Almost a year ago, we had to start clearing out my parents’ house, as they were both turning 90, and preparing to move to an independent living facility. It was not a move they wanted to make, but life at home had become unsustainable. In January, we had an estate sale to clear out decades of belongings. It was hard work, but it went pretty well, except for the annoying shoppers who wanted to negotiate the price of fifty-cent items, the middle-aged punks who stole an edger/trimmer, and the Baptist preacher who tried to weave his pitch for eternal life into his cash offer on the Snapper riding mower. 

“It’s $900, huh?”

“Yep.”

“I can get one of my church members to come by with his truck to help me get it home.”

“Okay, great.”

Brief pause. 

“Hey, if you died tonight, do you know where you would spend eternity?”

I thought about saying, “Nope. And neither do you,” but instead I gambled on a longer answer, “Well, my father is a retired Baptist pastor, and I spent 19 years as a professor at a Baptist university up the road in Bolivar.”

He smiled and nodded eagerly, having identified me as one of the brethren. “Ohhh. Ahhh.”

“And all of that has left me with a healthy skepticism and a complicated answer to questions like yours.”

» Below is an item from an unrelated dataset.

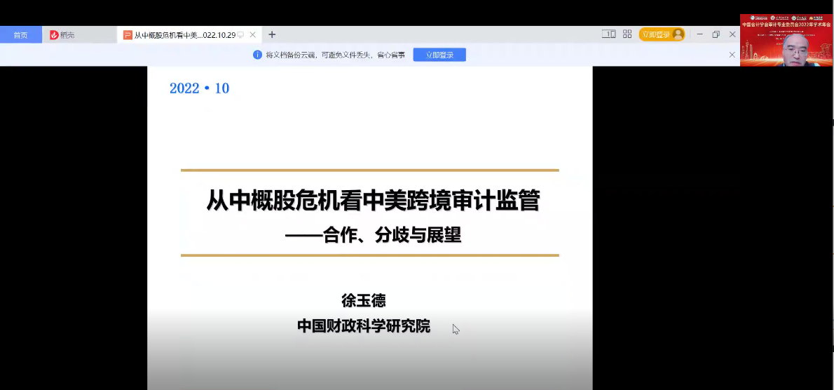 中国财政科学研究院徐玉德教授作了题为“中概股跨境审计监管的困局及解决路径”的报告。徐玉德教授从瑞幸咖啡财务造假事件入手,分析了两次中概股危机引致的中美跨境审计监管焦点问题,为构建中美跨境审计监管合作协议下审计结果共享机制提供了意见建议。

His eyebrows rose, as he shifted his feet and girded his loins for spiritual warfare. 

He raised his finger to continue his Sunday School lesson, but I preempted him, “Having spent my whole life either around church or in the study of political and religious rhetoric, I also know my own mind on the subject. I’m not likely to be easily persuaded. Also, I don’t really want to talk about it.”

I could tell he wanted to keep going. Needed to. After all, he was commissioned to fight a war against principalities and powers, not make friends. I gave him a raised eyebrow that I hoped would say, “I will sell this goddamn mower to someone else, if you keep it up, buddy.” 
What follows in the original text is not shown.